FIG. 4A to FIG. 4C are schematic diagrams of positional relationships between a vehicle and an in-station predetermined battery swap area according to one or more embodiments of the disclosure. FIG. 4A to FIG. 4C show, in the form of top views, positional relationships between a vehicle and an in-station predetermined battery swap area, which may include, for example, the vehicle being in the front of, in the back of, and in the center of the in-station predetermined battery swap area. FIG. 4A shows that the positional relationship between the vehicle and the in-station predetermined battery swap area is the vehicle being in the front of the in-station predetermined battery swap area, FIG. 4B shows that the positional relationship between the vehicle and the in-station predetermined battery swap area is the vehicle being in the center of the in-station predetermined battery swap area (that is, being parked in position), and FIG. 4C shows that the positional relationship between the vehicle and the in-station predetermined battery swap area is the vehicle being in the back of the in-station predetermined battery swap area.

As shown in FIG. 4A to FIG. 4C, the large rectangle in each figure represents the in-station predetermined battery swap area (for example, a battery swap platform), the four small rectangles in each figure represent the wheel positions, and the four small squares in each figure represent the preset positions of wheel fixing devices in the battery swap platform.

Exemplarily, in the process of using a machine learning model to process the collected wheel image of the vehicle and generating the vehicle parking state signal based on a processing result of the machine learning model, if the wheel center areas respectively reach the preset positions of the wheel fixing devices in the battery swap platform in the collected wheel image of the vehicle, a vehicle parking state signal indicating in-position parking is generated. If the wheel center areas respectively do not reach the preset positions of the wheel fixing devices in the battery swap platform in the collected wheel image of the vehicle, a vehicle parking state signal indicating out-of-position parking is generated. In addition, a vehicle parking state signal indicating a positional relationship between the vehicle and the in-station predetermined battery swap area may be generated by comparing a relationship between the wheel center areas and the preset positions of the wheel fixing devices in the battery swap platform in the collected wheel image of the vehicle.

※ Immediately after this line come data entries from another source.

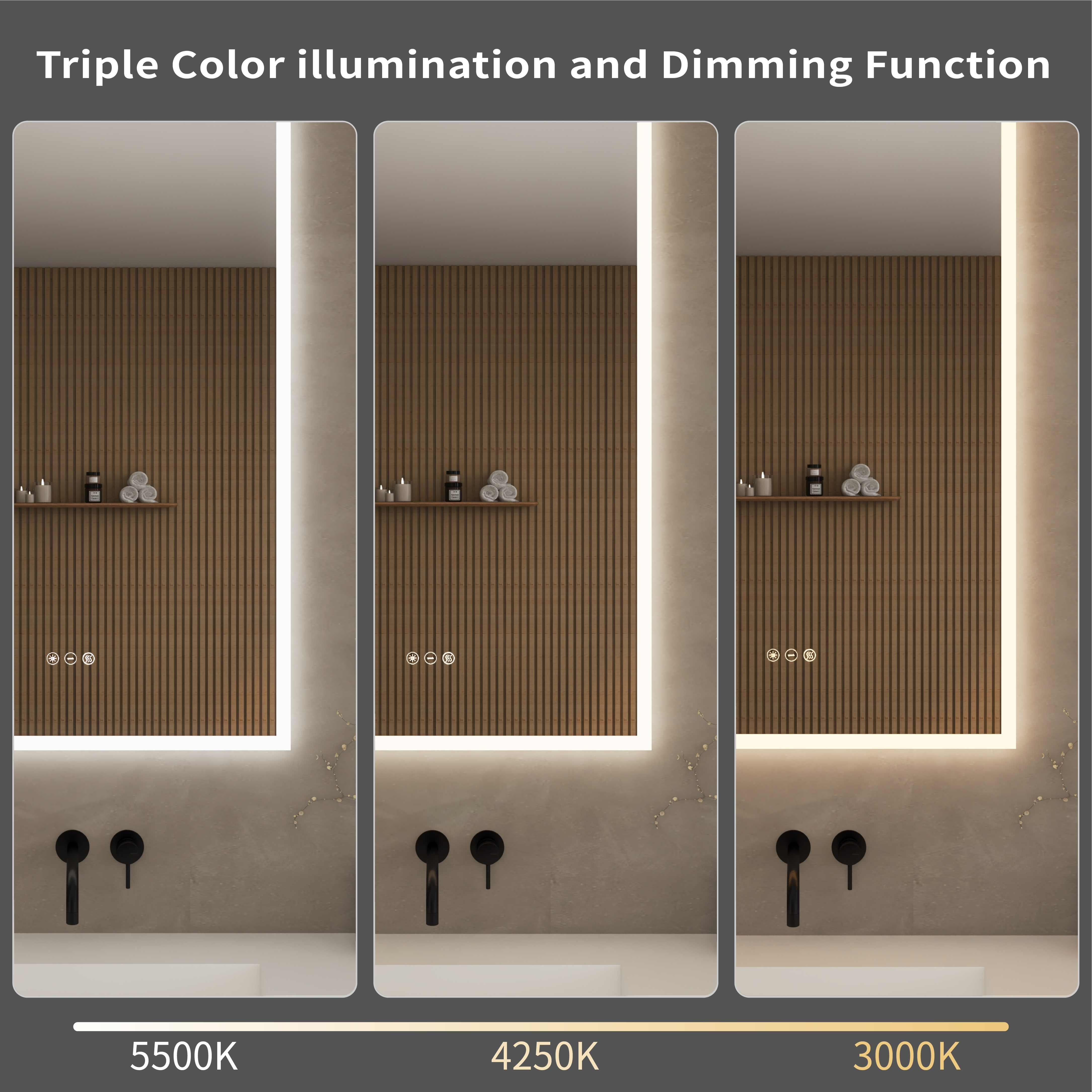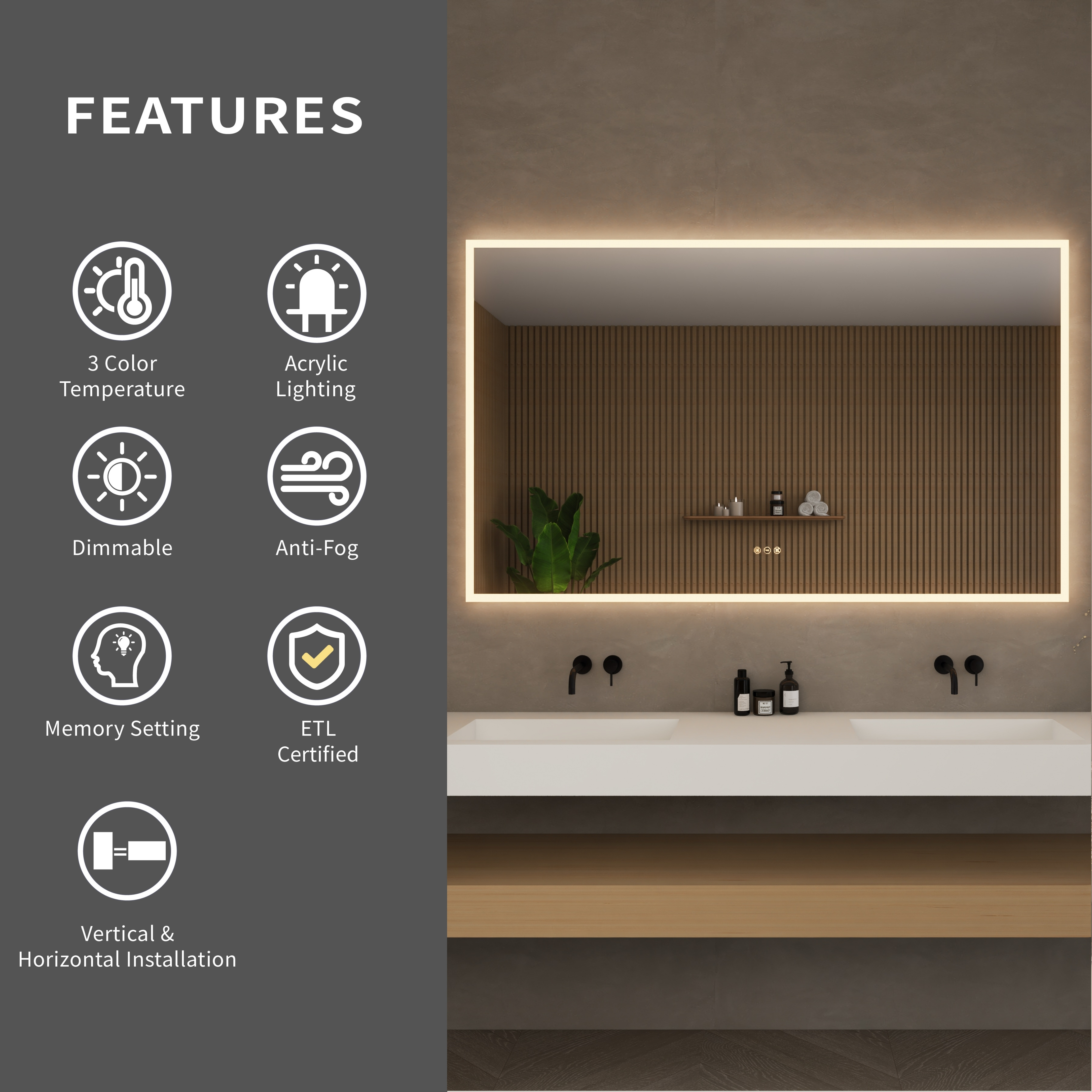 The Element LED Mirror Collection by Wyndham Collection elevates bathroom design with a perfect balance of function and style. Included in all sizes of the Element collection are adjustable color temperature ranging from 3000K to 5500K, allowing users to create the ideal lighting for any task or mood. Built-in dimming capabilities provide further control over brightness, while the integrated defogger ensures a clear reflection even after the hottest showers. Designed with a sleek all-around acrylic frame, the Element Collection not only enhances modern aesthetics but also maximizes light output and distribution, producing an optimal glow that transforms any bathroom into a well-lit space.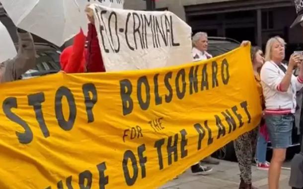 "Pare, Bolsonaro, pelo futuro do planeta", dizia uma das faixas exibidas pelos opositores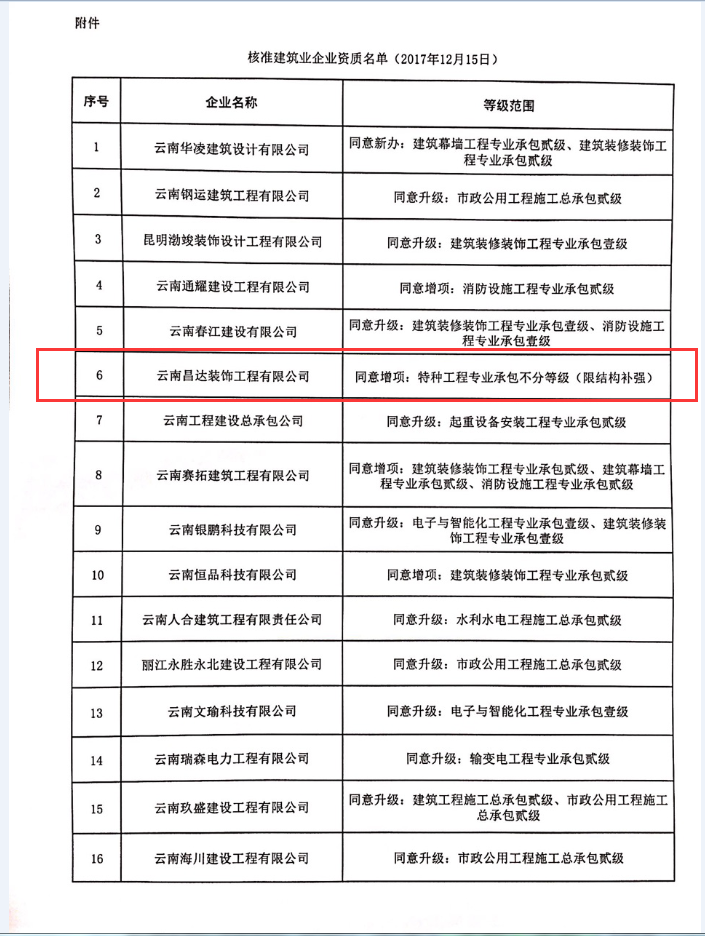 根據(jù)云南省住房和城鄉(xiāng)建設廳12月15日公示,云南昌達裝飾工程有限公司增項特種工程專業(yè)承包不分等級(限結構補強)資質。 此次資質的成功增項,進一步提升了昌達公司的市場競爭力,為昌達今后在特種專業(yè)承包市場領域的開拓和發(fā)展創(chuàng)造了良好的條件。昌達公司將繼續(xù)發(fā)揮優(yōu)勢,組織實力團隊,積極參加有影響力的項目投標,不斷提升昌達業(yè)務水平。 ...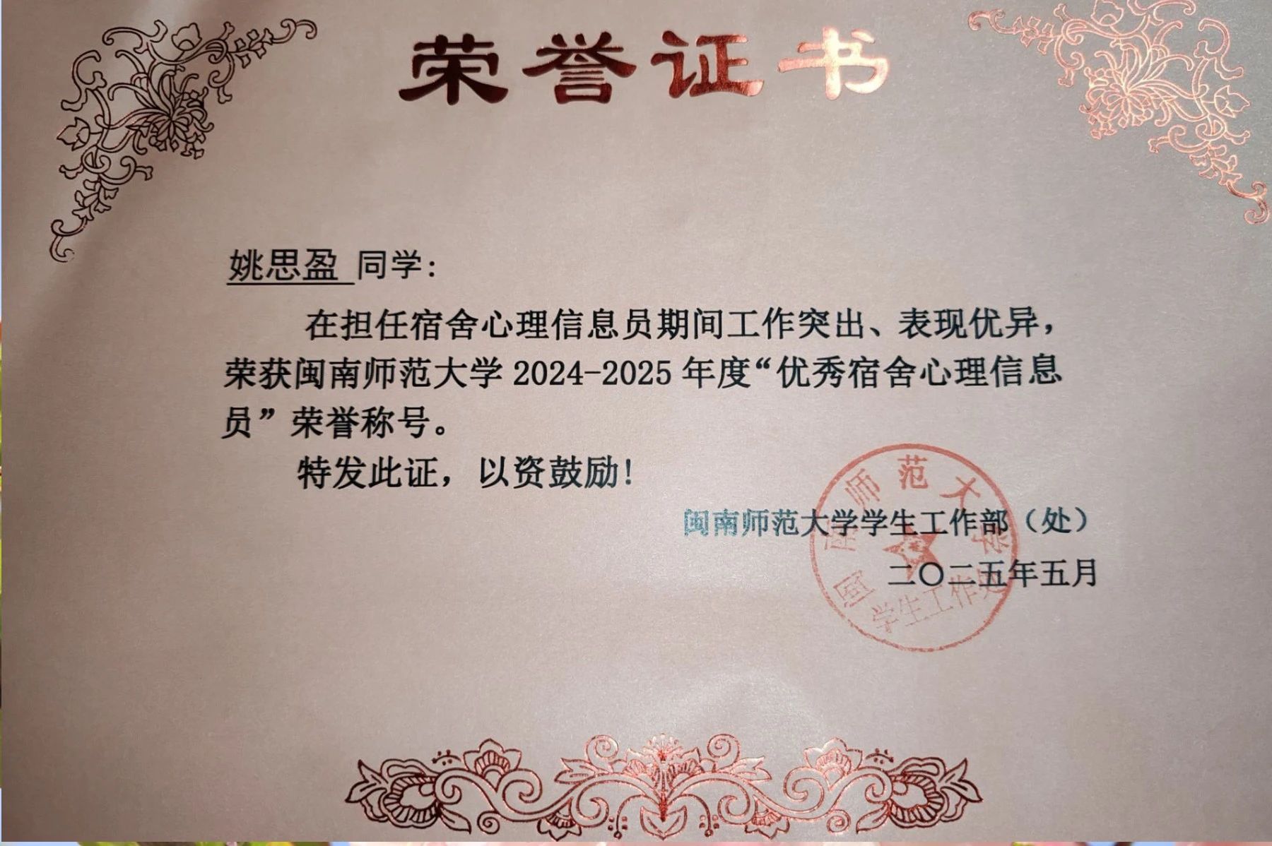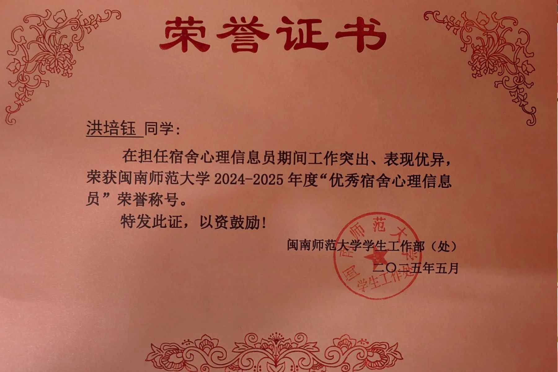 我院心理辅导站获2023-2025年度优秀心理辅导站荣誉称号,2021级思政1班李雨婷同学荣获优秀班级心理委员,2022级思政2班洪培钰和2023级思政2班魏熠欣、姚思盈、庞量午4位同学荣获优秀宿舍心理委员。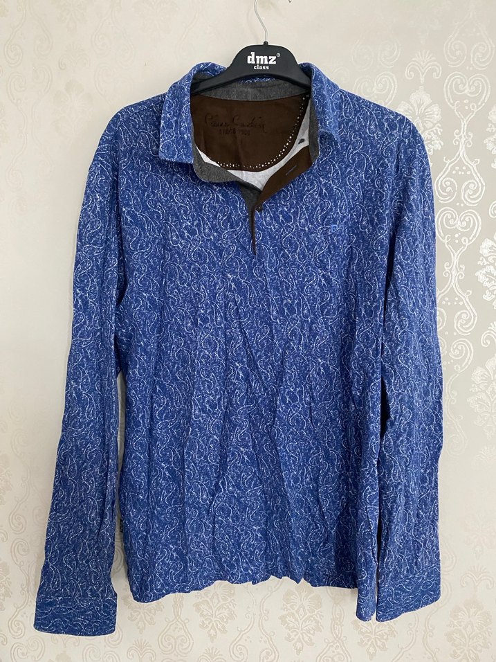 Erkekler için mavi pamuklu gömlek, uzun kollu ve yakalıdır. Gevşek kesimi ve düğmeli tasarımıyla günlük sokak stili için uygundur.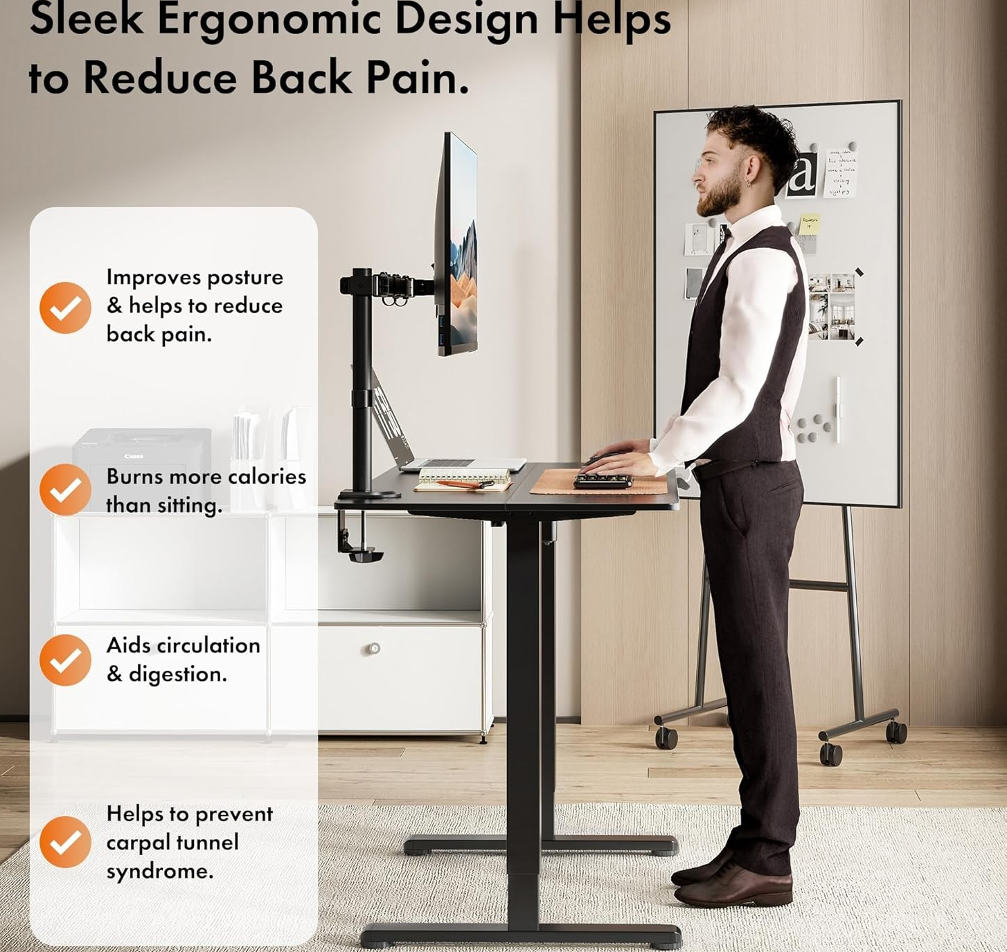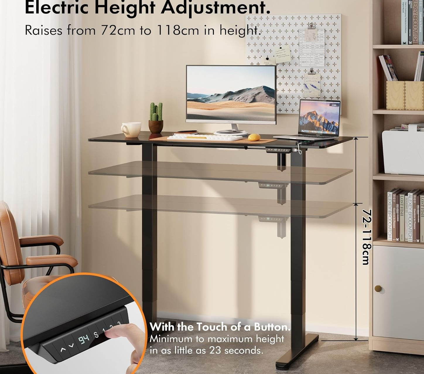 - Ergonomic Design: Easily switch between sitting and standing positions with the touch of a button, promoting better health, posture, and energy levels throughout your workday.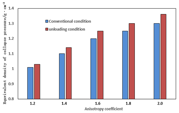 In addition, based on the strength decline caused by unloading, collapse pressures with variable anisotropy coefficient are obtained in conventional and unloading condition, shown in Fig. (21). It can be found out that collapse pressure rises with increasing anisotropy coefficient. Also, in comparison with collapse pressure in conventional condition, collapse pressure in unloading condition is larger. This difference increases with growing of anisotropy coefficient, indicating that unloading has stronger impact on collapse pressure in the formation with high anisotropy coefficient.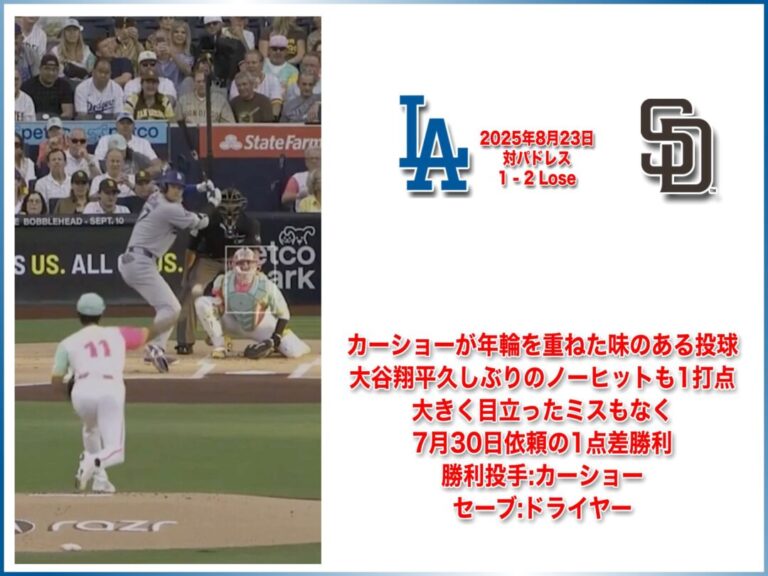 NATIONAL LEAGUE 2025年8月23日 サンディエゴパドレス戦 1-2 Lose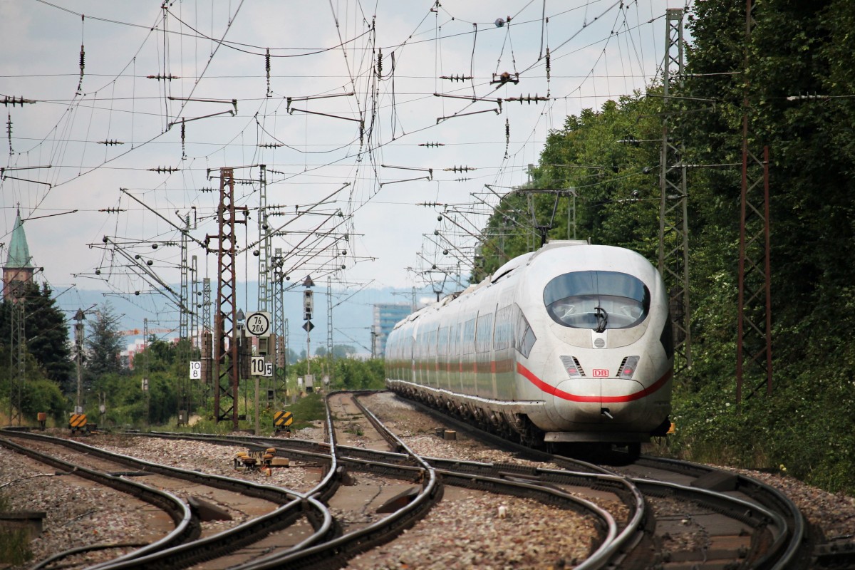 Nachschuss auf 403 022-7 "München" als dieser mit einer zweiten Einheit am 12.07.2014 beim Abzweig Leutersberg auf dem Weg nach Freiburg (Breisgau) Hbf ist.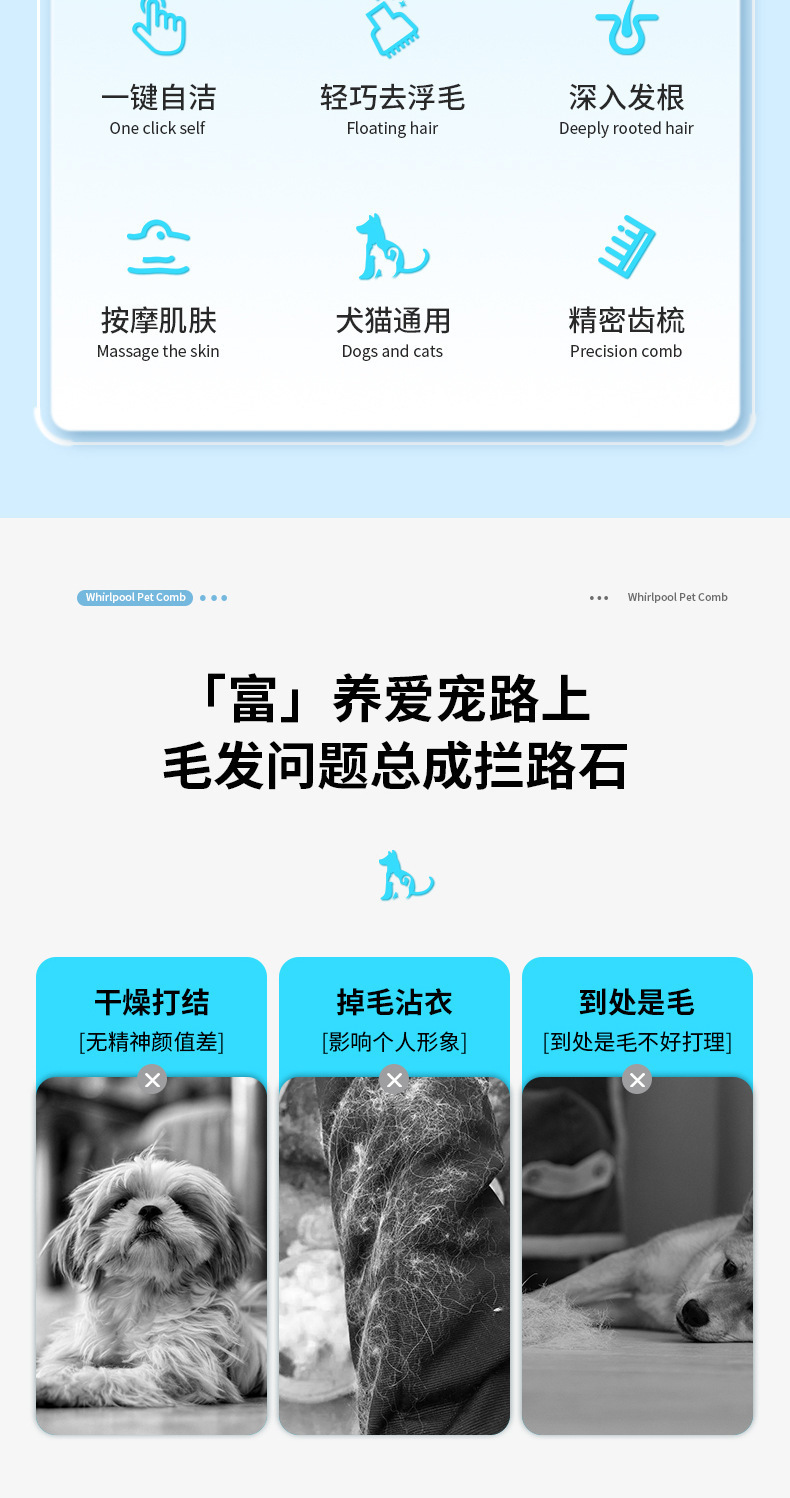 애완동물 자가 세척 빗, 고양이 빗, 개 털 브러시, 고양이용 바늘 빗, 소용돌이 빗, 원클릭 자가 세척 털 제거 및 희석 개 빗

It should be noted that, the positional relationships between the vehicle and the in-station predetermined battery swap area and the manner of generating the vehicle parking state signal described above with reference to FIG. 4A to FIG. 4C are only exemplary, without departing from the spirit and scope of the disclosure, the positional relationship between the vehicle and the in-station predetermined battery swap area and the manner of generating the vehicle parking state signal may be selected based on factors such as actual requirements and usage scenarios.

In addition, the disclosure may alternatively be implemented as a computer storage medium, which has stored therein a program for causing a computer to perform the method for controlling vehicle parking according to an aspect of the disclosure.

Here, various forms of computer storage media, such as disks (for example, a magnetic disk, an optical disc, etc.), cards (for example, a memory card, an optical card, etc.), semiconductor memories (for example, a ROM, a non-volatile memory, etc.), and tapes (for example, a magnetic tape, a cassette tape, etc.) may be used as the computer storage medium.

Various embodiments provided in the disclosure may be implemented by hardware, software, or a combination of hardware and software where applicable. In addition, without departing from the scope of the disclosure, various hardware components and/or software components described in this specification may be combined into a combined component including software, hardware, and/or both where applicable. Without departing from the scope of the disclosure, various hardware components and/or software components described in this specification may be separated into sub-components including software, hardware, or both where applicable. In addition, where applicable, it is contemplated that software components may be implemented as hardware components, and vice versa.

Software (such as program code and/or data) in the disclosure may be stored on one or more computer storage media. It is also contemplated that the software identified herein may be implemented using one or more general-purpose or special-purpose computers and/or computer systems, networked and/or otherwise. The steps described herein may be changed in order, combined into compound steps, and/or divided into sub-steps where applicable, to provide the features described herein.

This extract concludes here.